In the last two posts in this series I showed how removing columns from the tables used in a Power Query merge operation can improve refresh performance. In this post I’ll show you a different trick that – when you can use it – can give you an equally significant performance boost.
When you merge data from two queries in the Power Query Editor the M code generated uses the Table.NestedJoin function. There is, however, another M function that can be used to merge data: Table.Join. The interesting thing about this function is that has a parameter that Table.NestedJoin doesn’t have: the joinAlgorithm parameter allows you to specify the algorithm used by the Power Query engine for the merge. The documentation doesn’t tell you what the possible values for this parameter are but #shared shows them:
The SortMerge algorithm, last in the list above, is the focus of this blog post. I mentioned in my earlier posts that the reason that merge operations on non-foldable data sources are often slow is that both of the tables used in the merge need to be held in memory. There is an exception though: if you know that the data in the columns used to join the two tables is sorted in ascending order, you can use the Table.Join function and the SortMerge algorithm and the data from both sources can be streamed rather than held in memory, which in turn results in the merge being much faster.

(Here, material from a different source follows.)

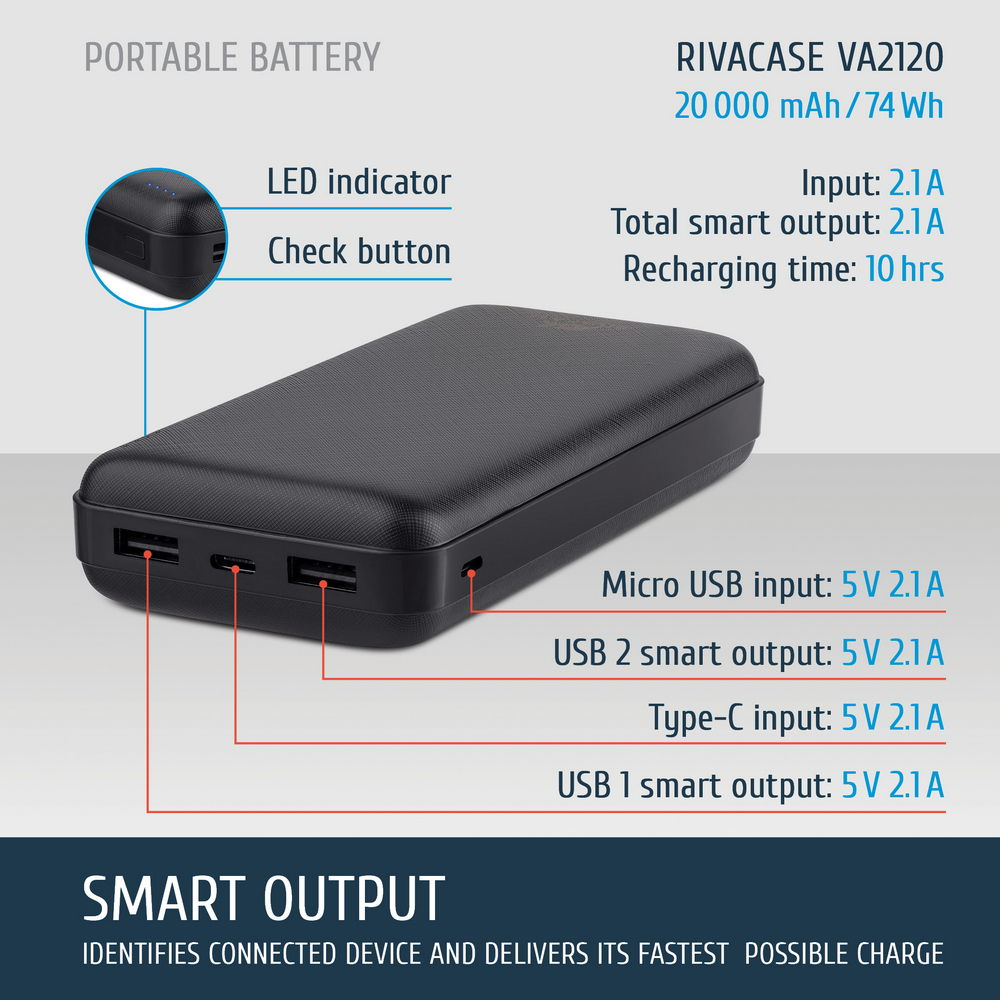 - Tự động bật/tắt. Chỉ cần cắm các thiết bị do động vào các ổ cắm đầu ra của pin RIVACASE VA2120 và quá trình sạc sẽ bắt đầu

Here’s an example. As before there are two source queries that take data from a one million row CSV file, but for this test no columns are removed and there’s no filter on rows. The two source queries, called First and Second, are almost identical (in First the columns are named A1 to G1 and in Second the columns are named A2 to G2) and are not loaded into the dataset. Here’s the M code for the query called First:
let Source = Csv.Document( File.Contents("C:\Users\chwebb\Documents\NumbersMoreColumns.csv"), [Delimiter = ",", Columns = 7, Encoding = 65001, QuoteStyle = QuoteStyle.None] ), #"Promoted Headers" = Table.PromoteHeaders(Source, [PromoteAllScalars = true]), #"Changed Type" = Table.TransformColumnTypes( #"Promoted Headers", { {"A", Int64.Type}, {"B", Int64.Type}, {"C", Int64.Type}, {"D", Int64.Type}, {"E", Int64.Type}, {"F", Int64.Type}, {"G", Int64.Type} } ), #"Renamed Columns" = Table.RenameColumns( #"Changed Type", {{"A", "A1"}, {"B", "B1"}, {"C", "C1"}, {"D", "D1"}, {"E", "E1"}, {"F", "F1"}, {"G", "G1"}} ) in #"Renamed Columns"

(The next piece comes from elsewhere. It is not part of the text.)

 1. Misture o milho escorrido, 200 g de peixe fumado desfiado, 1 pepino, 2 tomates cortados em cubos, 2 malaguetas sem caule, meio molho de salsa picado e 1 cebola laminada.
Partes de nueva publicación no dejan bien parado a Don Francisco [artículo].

Here’s a query that merges these queries using Table.NestedJoin and returns all columns from the source queries and is enabled:
let Source = Table.NestedJoin(First, {"A1"}, Second, {"A2"}, "Second", JoinKind.Inner), #"Expanded Second" = Table.ExpandTableColumn( Source, "Second", {"A2", "B2", "C2", "D2", "E2", "F2", "G2"}, {"Second.A2", "Second.B2", "Second.C2", "Second.D2", "Second.E2", "Second.F2", "Second.G2"} ) in #"Expanded Second"
The timings for refreshing the merge query are:
- Progress Report End/25 Execute SQL – 54 seconds
- Progress Report End/17 Read Data – 58 seconds
[As I mentioned before, these timings may vary by a few seconds each way from run to run because paging is taking place]

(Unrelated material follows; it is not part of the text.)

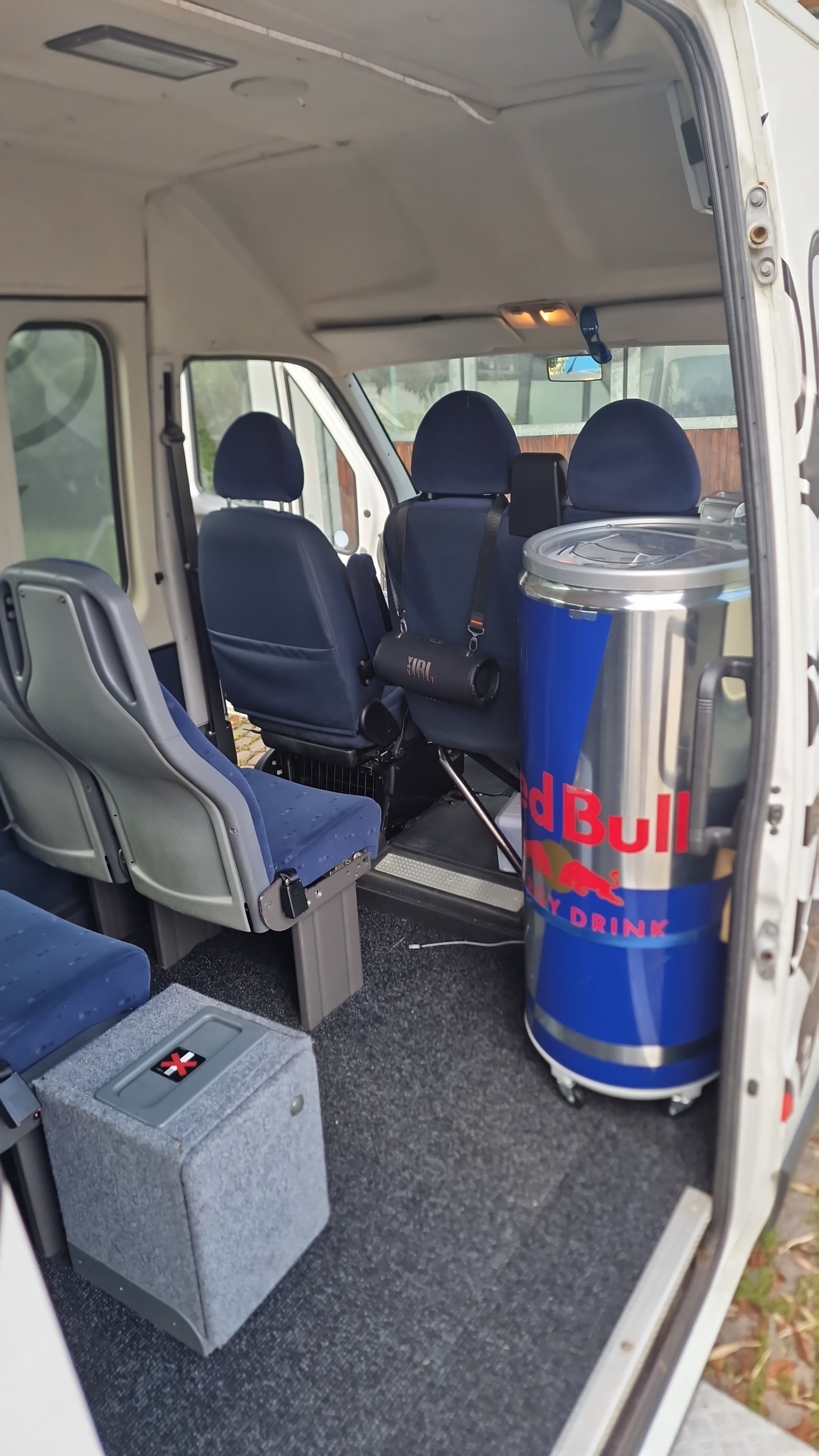 Unser Bus verügt über einen eingebauten Red Bull Kühlschrank. Dieser kann nach belieben aufgefüllt werden und kühles ist für die ganze Fahrt garantiert.

Now it just so happens that in this case I know the data in the A columns in both the source queries is sorted in ascending order, so this means I can rewrite the merge query using Table.Join and the SortMerge algorithm like so:
let Source = Table.Join( First, {"A1"}, Second, {"A2"}, JoinKind.Inner, JoinAlgorithm.SortMerge ) in Source
Here are the timings for this version:
- Progress Report End/25 Execute SQL – 0.1 seconds
- Progress Report End/17 Read Data – 21 seconds
This new query is clearly much faster than the original version of the merge!
Now let’s talk about the limitations of this approach. First of all, if the data in the columns used to join the two tables together is not sorted in ascending order you won’t get an error message, you’ll just get incorrect data returned, so you really need to be sure that the data is indeed sorted. Secondly, if your data is not sorted, then you can sort it in Power Query before the merge – but since sorting itself takes time and sorting for non-foldable data sources is another one of those operations which requires the table to be held in memory, you’re unlikely to get any performance improvement.
That said, I can see that there are going to be plenty of scenarios where you can use this technique. For example, if you’re extracting data to a CSV file it may be possible to specify that you want to sort the data when the extract takes place. Also, if you’re trying to merge data from two different data sources (say, SQL Server and Oracle) that both support query folding for sorting, then the time it takes to sort the data may be less than the performance gain from using the SortMerge algorithm.